Gregor Gysi über seine Wahl zum außenpolitischen Sprecher der Linken im Bundestag

  • Lesedauer: 3 Min.

Glückwunsch, Herr Gysi, zum neuen politischen Karrieresprung!
Dankeschön, aber Karriere ist nicht das richtige Wort und über diese denkt man in meinem Alter weniger und anders nach. Aber es ist endlich wieder eine klare Aufgabe für mich im Bundestag.

Hat Ihnen der Geschmack der Freiheit nicht gemundet? Ist es ohne politische Verantwortung zu fade?
Nein, ich habe genug zu tun als Politiker, Rechtsanwalt, Autor und Moderator. Nach der überraschenden Ankündigung von Stefan Liebich ist die Fraktionsführung auf mich zugekommen, ob ich in der Außenpolitik für die Fraktion sprechen will. Ich habe eine ganze Zeit überlegt und dann zugesagt. Ich gebe aber gern zu, dass mich diese Aufgabe im Bundestag auch reizt.

Stefan Liebichs Rückzug war dann wohl eine willkommene Gelegenheit. Andererseits ist Liebich seit Jahren eine feste Größe in der Außenpolitik der Linken, über die Grenzen seiner Fraktion hinaus respektiert. Große Schuhe, in die Sie da schlüpfen …
Sie haben recht, in der Schuhgröße kann ich mit Stefan Liebich nicht mithalten. Aber ich mache mir keine Sorgen. Der eine oder andere kennt mich ja noch. Und ich leide bekanntlich nicht an einem übertriebenen Mangel an Selbstbewusstsein.

Außenpolitik ist ein Feld voller Wespennester. Was ist Ihre Strategie: Attacke oder umschiffen?
Attacke, wo sie hingehört. Die Koalition bietet dafür genug Angriffsflächen. Aber mitunter kann man auf diplomatischem Wege mehr erreichen.

Liebich hat sich dabei bemüht, in Krisengebieten gleiche Maßstäbe an Freund und Feind anzulegen. Ist das auch Ihr Motto?
Politische und völkerrechtliche Maßstäbe müssen für alle und alles gelten, sonst wird es beliebig. Die Verwendung von Argumenten, wie es gerade passt, kennen wir zur Genüge von der Bundesregierung. Da muss die Linke nicht auch noch mitmachen.

Russland, Nahost, die USA-Politik in Zeiten einer Entgrenzung des Völkerrechts. Sehen Sie in der EU hier eine Lösung des Problems?
So, wie die EU derzeit verfasst ist und sich verhält, ist sie eher Teil des Problems.
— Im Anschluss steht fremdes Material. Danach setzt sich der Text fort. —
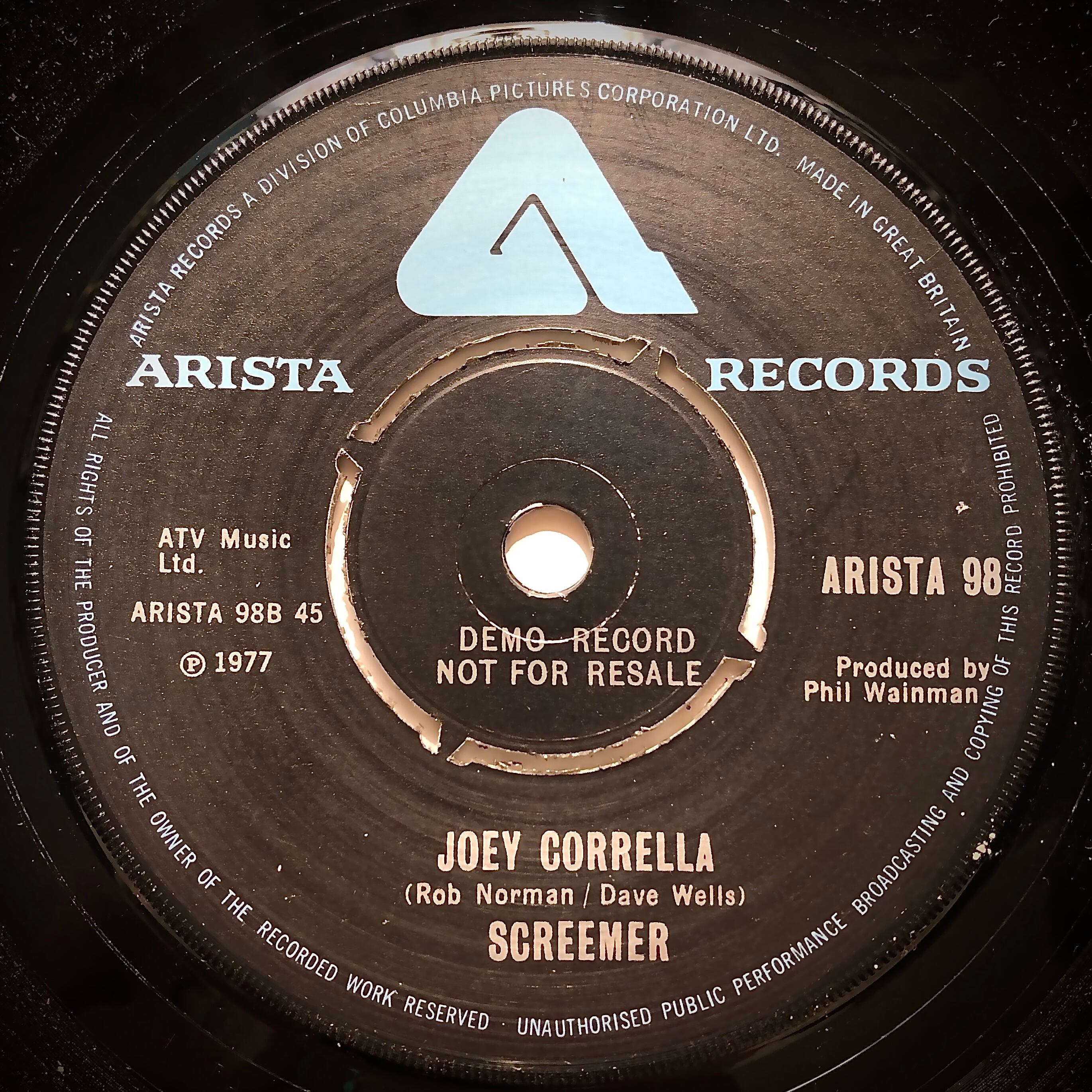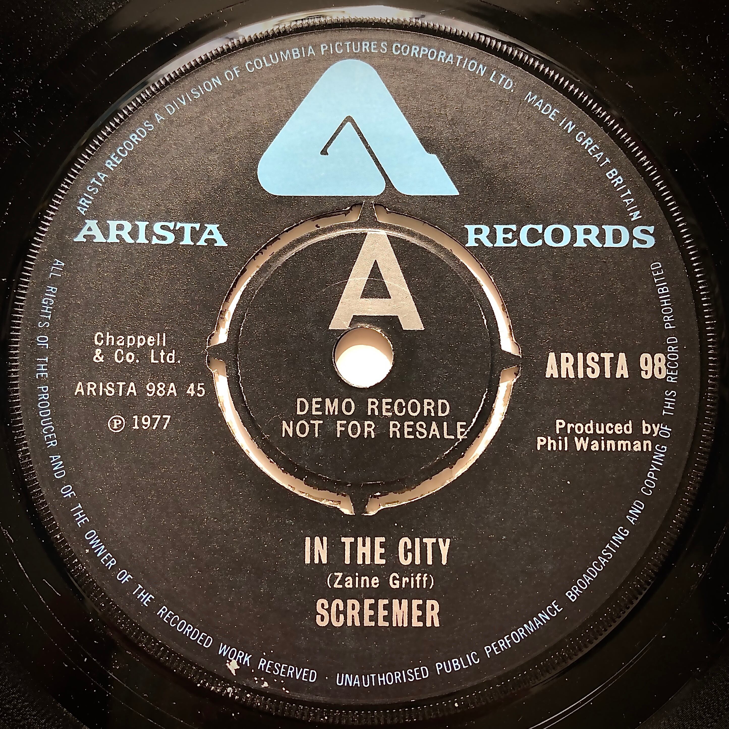 1stシングル Interplanetary Twist が Various – Boobs: The Junkshop Glam Discotheque 収録で知られる英国グラムバンド Screemer の2ndシングルのプロモ盤。後にソロで売れる Zaine Griff 在籍。A面 In The City は David Bowie 影響下のグラム・バラッド名曲。

Europa muss endlich lernen, seine Interessen auch unabhängig von den USA zu definieren und entsprechend zu handeln.

Die europäische Linke, der Sie bis vor Kurzem vorstanden, hat in der Zeit auch nicht gerade von sich reden gemacht, was eine gemeinsame Linie angeht.
Das stimmt nur zum Teil. Unsere Akzeptanz wurde erhöht. Außerdem sind wir uns in der Europäischen Linken in der Mehrzahl der Fragen einig, was ich bei der EU nun gerade nicht sehe.

Als Fraktionsvorsitzender haben Sie die Auflösung der Nato gefordert. Was ist Ihre erste Baustelle in der neuen Funktion?
Die Diskussion über einen Abzug der US-Atomwaffen aus Deutschland und das Ende der so genannten nuklearen Teilhabe Deutschlands, wozu ich meine erste Rede als außenpolitischer Sprecher halte, ist doch ein spannender Anfang.

Die Legislatur geht ja nicht mehr allzu lang, wenig für eigene Spuren in der internationalen Politik. Ist dies eine Ansage schon für die kommende Wahlperiode?
Darüber denke ich mit Ihnen gemeinsam später nach.